“The Borrowed” by Chan Ho-Kei

borrowed

Kwan Chun-dok is “the genius detective… the man who never forgets a place, and can identify a suspect just from the way he walks.” And even in a coma, in what might be his last day of life, Kwan, known as the “Eye of Heaven”, is going solve one final murder.

It’s not often that English readers have the opportunity to take a look at Hong Kong from a truly local point of view.

Chan Ho-kei’s The Borrowed spans Kwan’s 50-year career with the Hong Kong Police Force. Told in six distinct novellas in reverse chronological order, Chan begins in 2013 with the murder of a Hong Kong billionaire, before moving back in time to significant years in the city’s history: the Handover in 1997, the Tiananmen Square Massacre in 1989, the 1977 conflict between the Hong Kong Police and the Independent Commission Against Corruption, and, finally—or is this really the start?—the 1967 Leftist riots.

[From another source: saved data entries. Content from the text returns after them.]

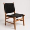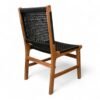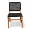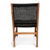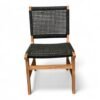 Silla de madera teca con asiento de soga negra, resistente y elegante.
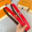 LV Flowergram 30mm Reversible Belt Silver Buckle Red Brown Leather
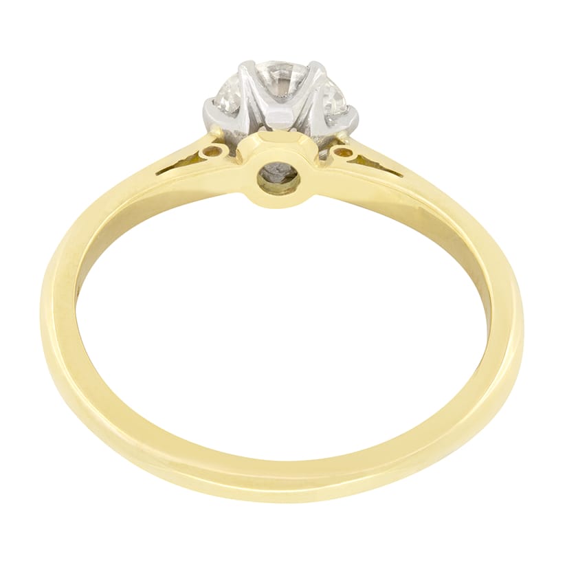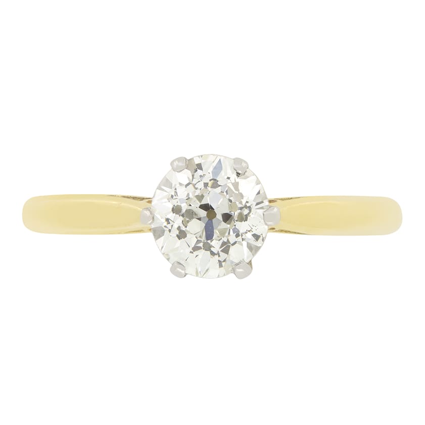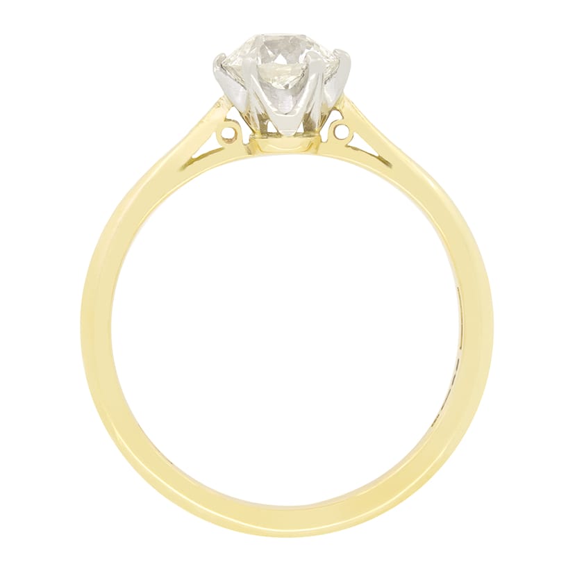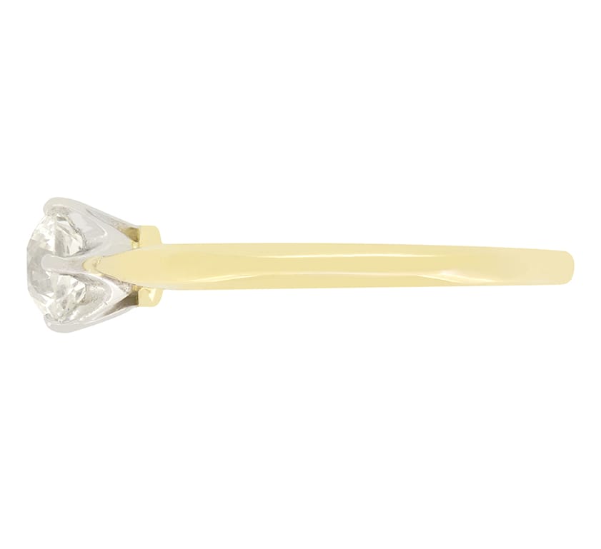 Hand crafted in the Edwardian era, this timeless solitaire ring features a single old cut diamond as its centrepiece. The 0.80 carat diamond is of high quality with a colour of G and clarity of VS1. Claw set into a platinum collet on a band of 18 carat yellow gold, this wonderful solitaire is a classic design and the most quintessential engagement ring style.

Hong Kong’s Chan won the Mystery Writers of Taiwan Award for his short stories, while his 2011 debut The Man Who Sold the World won the Soji Shimada Mystery Award. The Borrowed was published  as 13.67 in Chinese in 2015; the English edition arrives via a translation by Jeremy Tiang.

 

Kwan is a legend in the Hong Kong Police Force and his ability to interpret clues and delve into the psychology behind criminal masterminds lead him to achieve a “100 per cent success rate”. Together with his team, including his subordinate Sonny Lok, Kwan makes for the classic cerebral detective—able to spot even the slightest non-clue and yet sensitive to the human emotions that drive the crime in the first place.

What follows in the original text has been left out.